Principales toxicités observées

Elles sont en général assez faciles à contrôler, mais peuvent être assez handicapantes pour le patient. Il faut se souvenir qu'il s'agit d'un traitement souvent prolongé.

      • Diarrhée
        • survenant vers 10-14 jours après le début du traitement,
        • le plus souvent modeste et accessible au traitement symptomatique,
        • mais parfois acqueuse très intense.

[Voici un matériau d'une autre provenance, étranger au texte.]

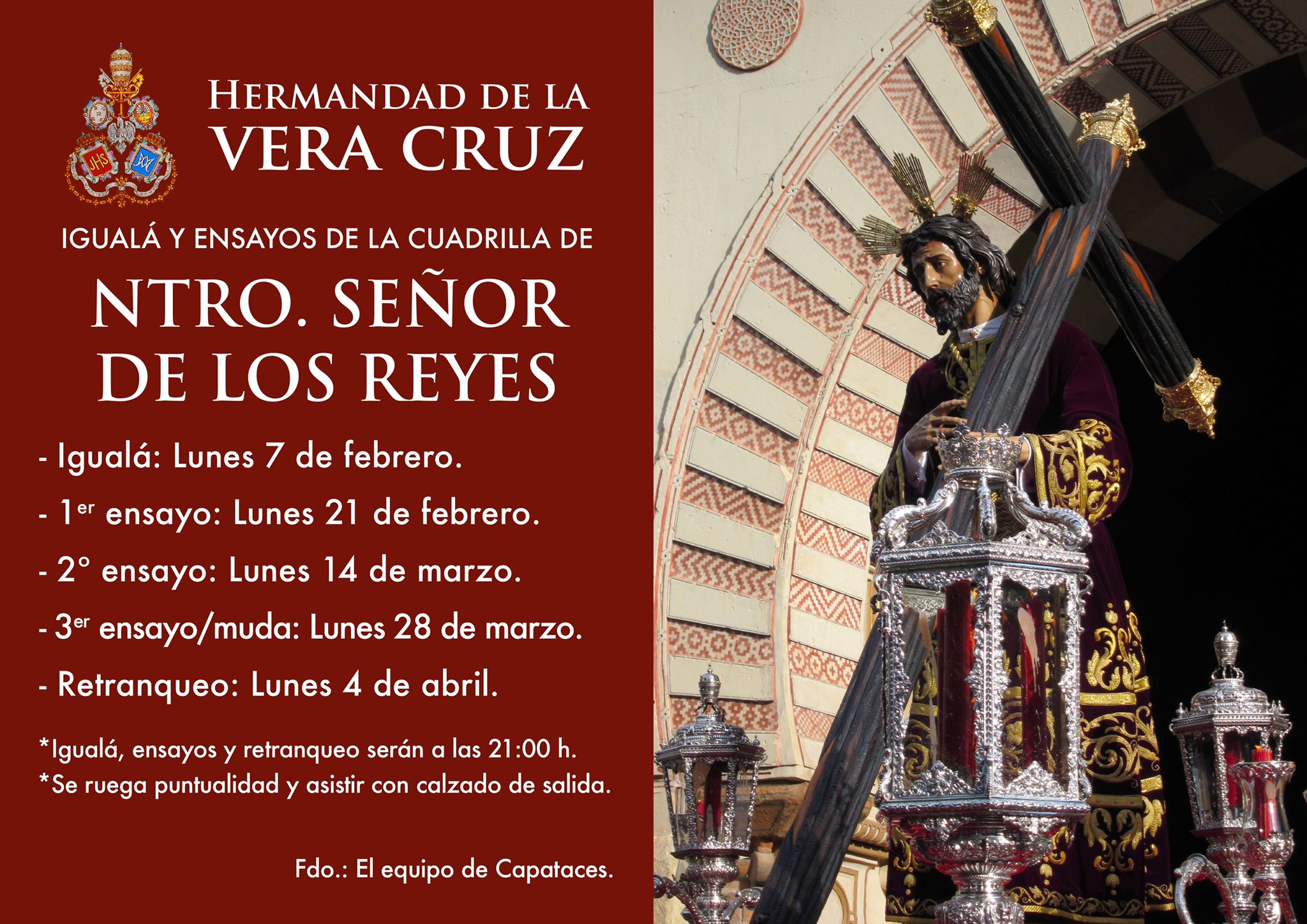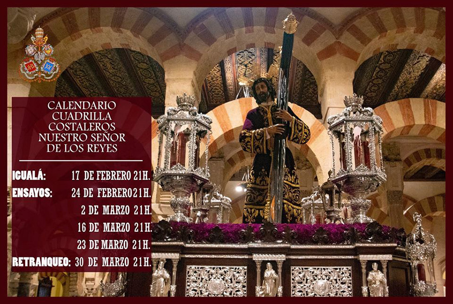 El próximo domingo 22 de marzo tendrá lugar la Meditación en honor a Nuestro Señor de los Reyes a cargo de n. h. D. José Miguel Sánchez Morales. Tras la misma realizaremos el ejercicio del Santo Vía Crucis, y la posterior subida al paso procesional del Señor.

      • Manifestations cutanées
        • Rash diffus survenant là aussi au bout de 10-14 jours,
        • De durée et d'intensité très variables,
        • Pouvant intéresser tout le corps
        • Pouvant prendre la forme de pustules et de prurit,
        • Parfois véritable 'acné' du visage et du corps, pouvant se surinfecter.
      • Fatigue (8% des cas)
      • Perte d'appétit (7% des cas)
      • Plus rarement, des céphalées, des mucites.
      • Les complications pulmonaires rares, mais graves
        • Sous forme de pneumopathie intersticielle
        • Avec complication vers la sclérose.